→ **Supplied records**:
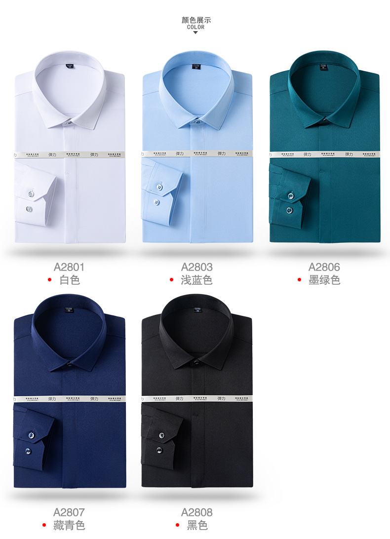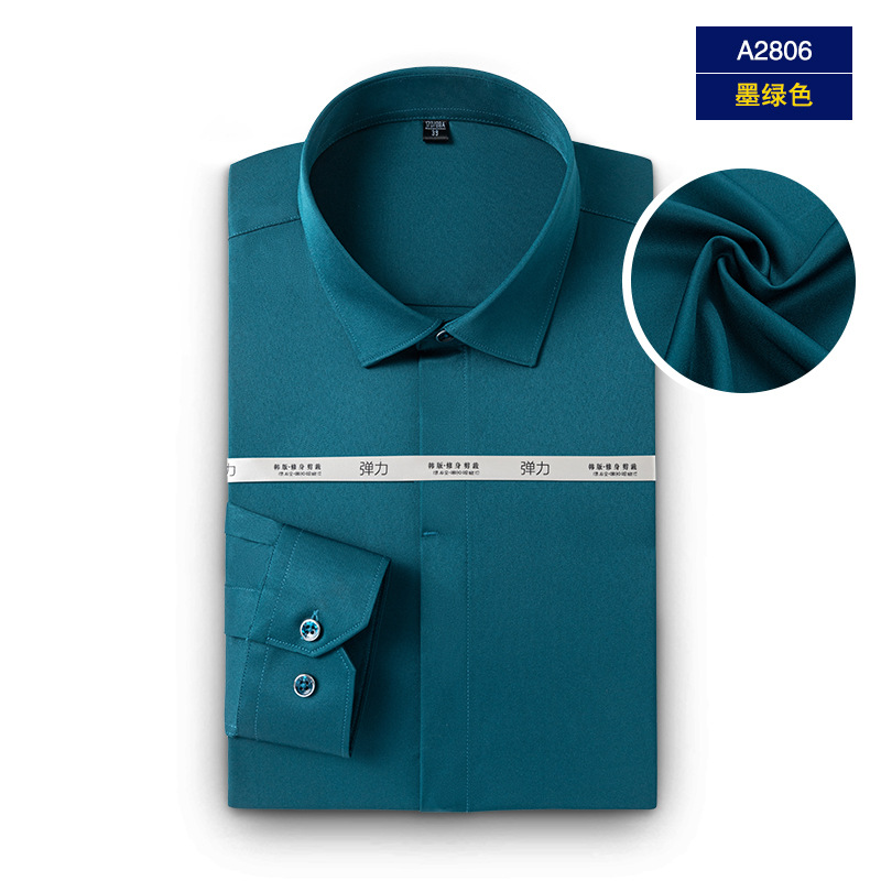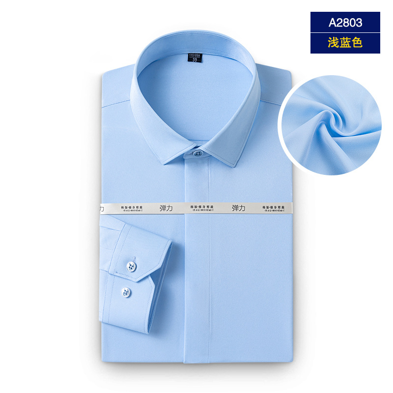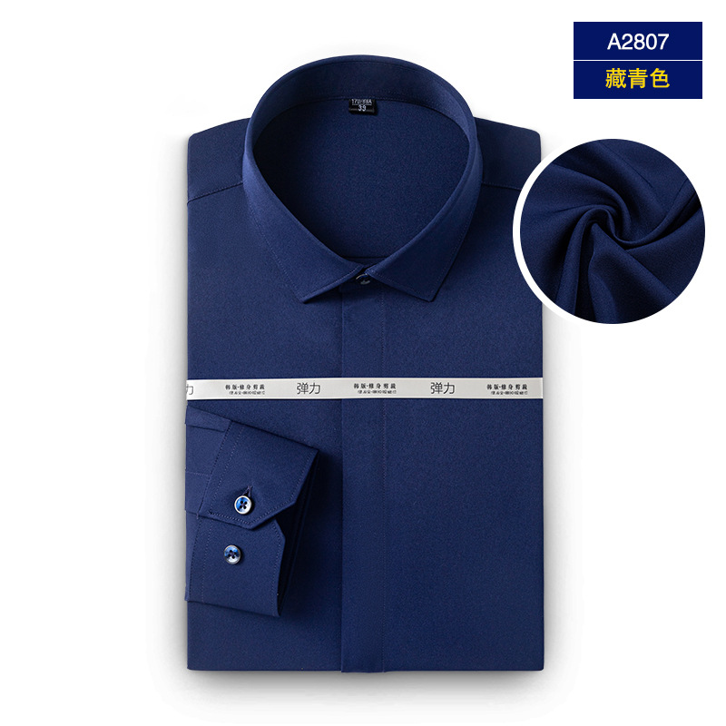 엄선된 남성용 새 스트레치 비즈니스 캐주얼 셔츠, 남성용 긴팔 패셔너블 포멀 다크 플래킷 솔리드 컬러 셔츠, 다용도
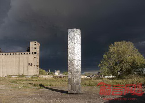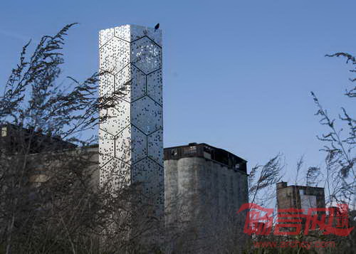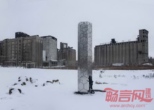 项目位于Buffalo河畔一组废弃谷仓之间,七米的建筑成为了此前占据一栋旧办公楼窗户的蜜蜂的“蜂房”。
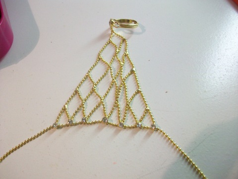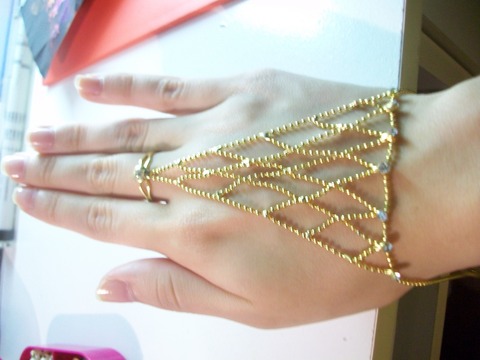 Gold tone bracelet. Starts with a ring and extends towards the wrist. Definitely something interesting and new. Very exotic looking.
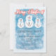 This adorable and sweet Christmas party invitation is perfect for the holiday season. It features three hand-painted snowmen on top of a glacier frosted blue background and a white snowy border with the phrase, "Merry Christmas," in glowing red typography. It fun, playful, modern, and festive.
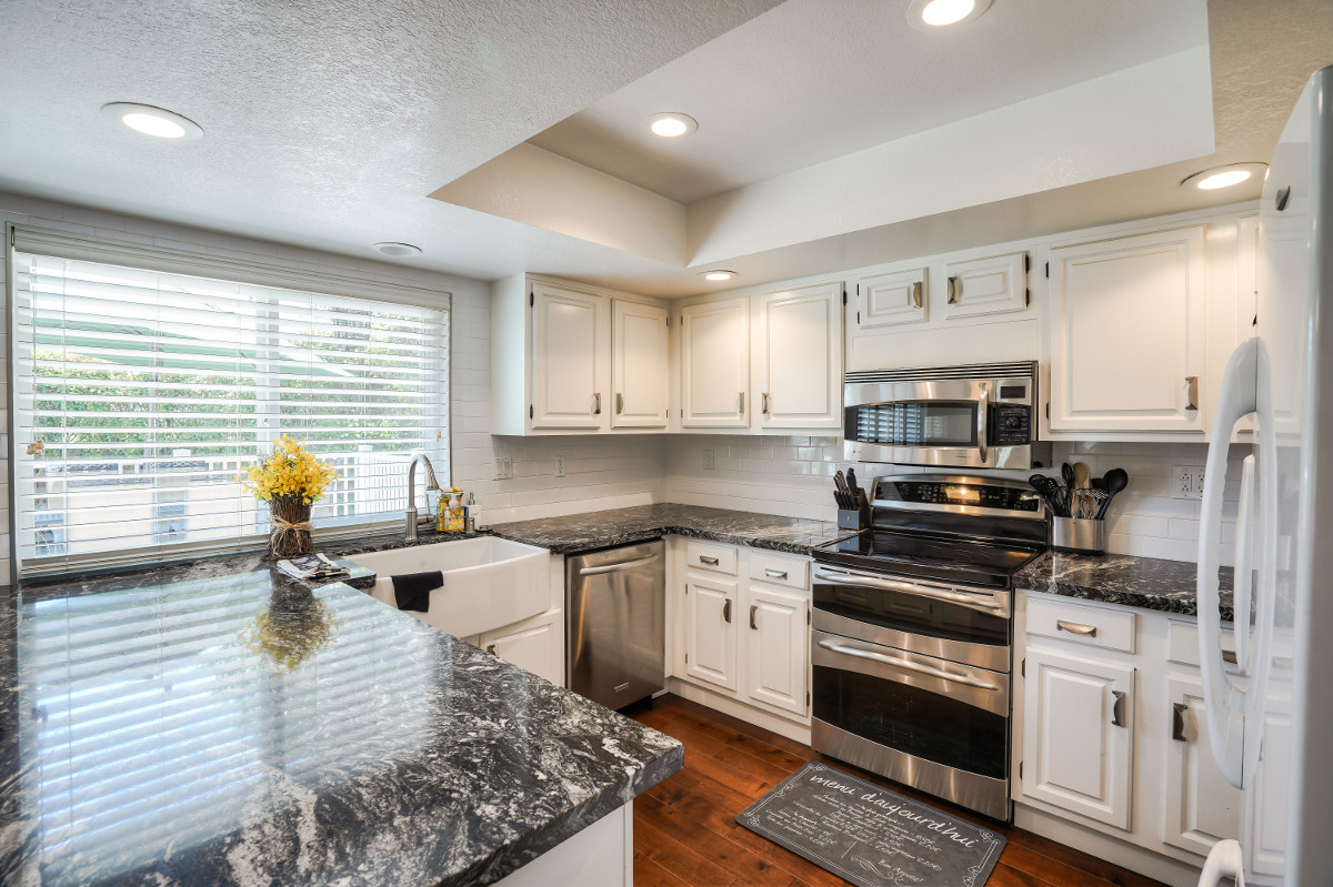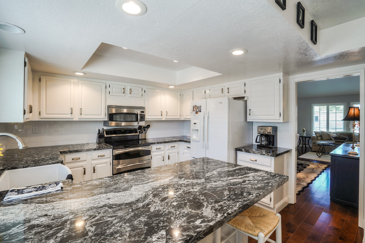 - Pocket door opens to this fabulous kitchen with granite slab counters, subway tile backsplash, plenty of white cabinetry, a tray ceiling with recessed lights and apron kitchen sink. Stools can be used for under-countertop seating. Appliances include a Maytag French Door Refrigerator, stainless dishwasher, GE Profile microwave and an electric 5-burner range with broiler and oven. Dine-in area has a ceiling fan, pantry, plus has a slider that provides access to the outdoor deck.
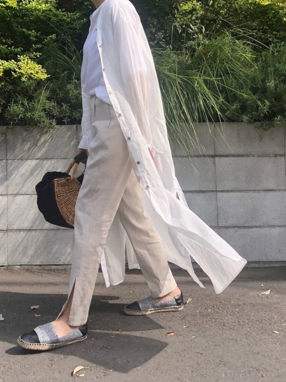夏のように暑いので、透け感のあるワンピースを羽織ってみました。 かごバッグとエスパドリーユを合わせて、涼しげな印象に。
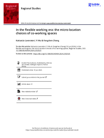 Lavoratori, K. orcid id iconORCID: https://orcid.org/0000-0002-0078-4525, Wu, Y. orcid id iconORCID: https://orcid.org/0000-0003-0354-5658 and Zhang, F. (2024) In the flexible working era: the micro-location choices of co-working spaces. Regional Studies. ISSN 1360-0591 doi: 10.1080/00343404.2024.2352525
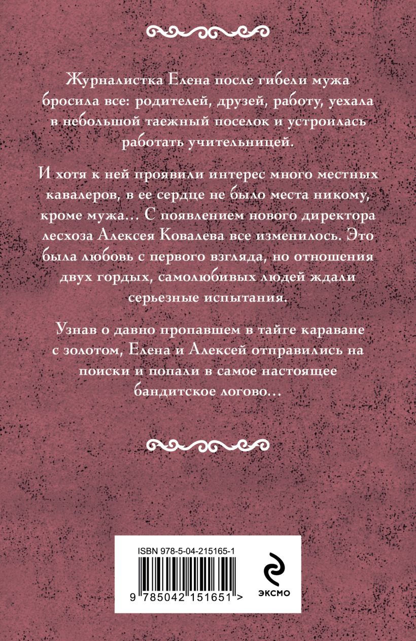 Журналистка Елена после гибели мужа бросила все: родителей, друзей, работу, уехала в небольшой таежный поселок и устроилась работать учительницей. И хотя к ней проявили интерес много местных кавалеров, в ее сердце не было места никому, кроме мужа… С появлением нового директора лесхоза Алексея Ковалева все изменилось. Это была любовь с первого взгляда, но отношения двух гордых самолюбивых людей ждали серьезные испытания. Узнав о давно пропавшем в тайге караване с золотом, Елена и Алексей отправились на поиски и попали в самое настоящее бандитское логово…
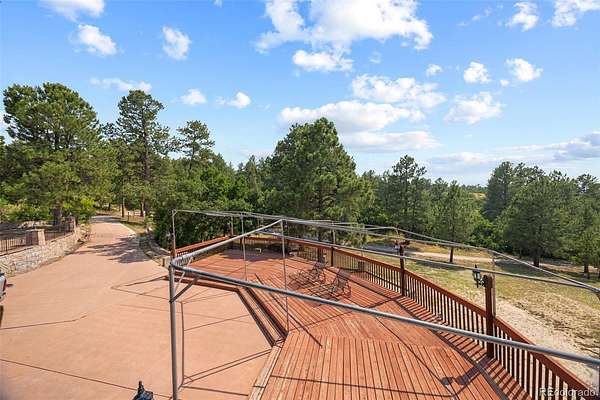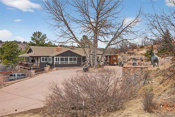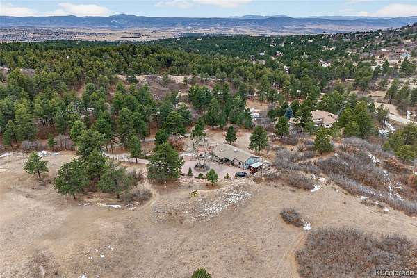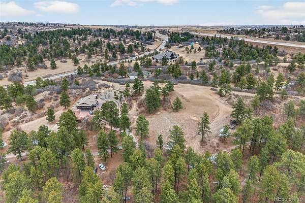 A rare and remarkable offering in the prestigious Castle Pines/Happy Canyon corridor. Huge plus, this is not a part of the Castle Pines HOA, so an ADU can be built! This 5.37-acre estate property presents a once-in-a-lifetime opportunity to build your legacy. Surrounded by over 100 acres of protected open space and mature ponderosa pines, the setting is both breathtaking and private, offering unobstructed Front Range views and an unmatched sense of serenity. No HOA, lower taxes, and the ability to walk to the PGA events at the golf courses golf course at Castle Pines elevate its appeal even further. This site allows for two homes, your forever home and guest home. Unlike most lots this one has gentle slopes giving you options on where you'd like to build your forever home/ guest home/ collector garage/ equestrian barn (a total of three building structures are allowed on the property). Including a 360 degree view at the top of the property! This is the final 5+ acre parcel available in this coveted enclave, an extraordinary chance to create something truly exceptional. Over $1M in site improvements already completed. Wildlife, views, and absolute privacy just minutes to I-25, shopping, dining, and top-tier schools. The property includes a beautifully updated 2-bedroom, 1.5-bath guest house featuring an oversized garage, expansive wrap around deck, paved drive, and elevated finishes throughout. With a private well, septic system, and natural gas already in place, the home is fully functional as-is while you design and build your forever estate.
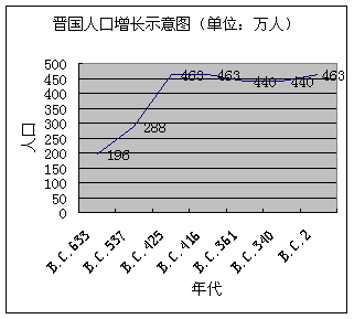 关于晋国历史的研究成果表明,在晋献公开疆拓土、晋文公开创霸业之后,晋国社会持续发展,保持了长期的繁荣景象,维持了百余年的霸业。在这样的条件下,晋国人口持续快速增长(这从上图公元前633年到公元前425年之间的两段增长线可以看出,它在本质上体现为一段平滑的增长曲线,其函数表达式是:y=(1+0.0041)x+196.8,x∈(0,208],208=633-425),年平均增长率接近千分之四(0.41%,依前文研究所得之近似数据计算),略高于全国人口年平均增长率(0.34%)。到晋国后期,人口总量仍有继续增长的势头,但因受到自然地理条件的限制,增长的人口开始外流,所以(原)晋国中心地区的人口总量在以后的一个历史时期里,在四百万左右上下波动。

→ **Work instructions**:
When you reproduce the entries above, keep every word exact and leave the images out.

→ **Solution**:
 엄선된 남성용 새 스트레치 비즈니스 캐주얼 셔츠, 남성용 긴팔 패셔너블 포멀 다크 플래킷 솔리드 컬러 셔츠, 다용도
 项目位于Buffalo河畔一组废弃谷仓之间,七米的建筑成为了此前占据一栋旧办公楼窗户的蜜蜂的“蜂房”。
 Gold tone bracelet. Starts with a ring and extends towards the wrist. Definitely something interesting and new. Very exotic looking.
 This adorable and sweet Christmas party invitation is perfect for the holiday season. It features three hand-painted snowmen on top of a glacier frosted blue background and a white snowy border with the phrase, "Merry Christmas," in glowing red typography. It fun, playful, modern, and festive.
 - Pocket door opens to this fabulous kitchen with granite slab counters, subway tile backsplash, plenty of white cabinetry, a tray ceiling with recessed lights and apron kitchen sink. Stools can be used for under-countertop seating. Appliances include a Maytag French Door Refrigerator, stainless dishwasher, GE Profile microwave and an electric 5-burner range with broiler and oven. Dine-in area has a ceiling fan, pantry, plus has a slider that provides access to the outdoor deck.
夏のように暑いので、透け感のあるワンピースを羽織ってみました。 かごバッグとエスパドリーユを合わせて、涼しげな印象に。
 Lavoratori, K. orcid id iconORCID: https://orcid.org/0000-0002-0078-4525, Wu, Y. orcid id iconORCID: https://orcid.org/0000-0003-0354-5658 and Zhang, F. (2024) In the flexible working era: the micro-location choices of co-working spaces. Regional Studies. ISSN 1360-0591 doi: 10.1080/00343404.2024.2352525
 Журналистка Елена после гибели мужа бросила все: родителей, друзей, работу, уехала в небольшой таежный поселок и устроилась работать учительницей. И хотя к ней проявили интерес много местных кавалеров, в ее сердце не было места никому, кроме мужа… С появлением нового директора лесхоза Алексея Ковалева все изменилось. Это была любовь с первого взгляда, но отношения двух гордых самолюбивых людей ждали серьезные испытания. Узнав о давно пропавшем в тайге караване с золотом, Елена и Алексей отправились на поиски и попали в самое настоящее бандитское логово…
 A rare and remarkable offering in the prestigious Castle Pines/Happy Canyon corridor. Huge plus, this is not a part of the Castle Pines HOA, so an ADU can be built! This 5.37-acre estate property presents a once-in-a-lifetime opportunity to build your legacy. Surrounded by over 100 acres of protected open space and mature ponderosa pines, the setting is both breathtaking and private, offering unobstructed Front Range views and an unmatched sense of serenity. No HOA, lower taxes, and the ability to walk to the PGA events at the golf courses golf course at Castle Pines elevate its appeal even further. This site allows for two homes, your forever home and guest home. Unlike most lots this one has gentle slopes giving you options on where you'd like to build your forever home/ guest home/ collector garage/ equestrian barn (a total of three building structures are allowed on the property). Including a 360 degree view at the top of the property! This is the final 5+ acre parcel available in this coveted enclave, an extraordinary chance to create something truly exceptional. Over $1M in site improvements already completed. Wildlife, views, and absolute privacy just minutes to I-25, shopping, dining, and top-tier schools. The property includes a beautifully updated 2-bedroom, 1.5-bath guest house featuring an oversized garage, expansive wrap around deck, paved drive, and elevated finishes throughout. With a private well, septic system, and natural gas already in place, the home is fully functional as-is while you design and build your forever estate.
 关于晋国历史的研究成果表明,在晋献公开疆拓土、晋文公开创霸业之后,晋国社会持续发展,保持了长期的繁荣景象,维持了百余年的霸业。在这样的条件下,晋国人口持续快速增长(这从上图公元前633年到公元前425年之间的两段增长线可以看出,它在本质上体现为一段平滑的增长曲线,其函数表达式是:y=(1+0.0041)x+196.8,x∈(0,208],208=633-425),年平均增长率接近千分之四(0.41%,依前文研究所得之近似数据计算),略高于全国人口年平均增长率(0.34%)。到晋国后期,人口总量仍有继续增长的势头,但因受到自然地理条件的限制,增长的人口开始外流,所以(原)晋国中心地区的人口总量在以后的一个历史时期里,在四百万左右上下波动。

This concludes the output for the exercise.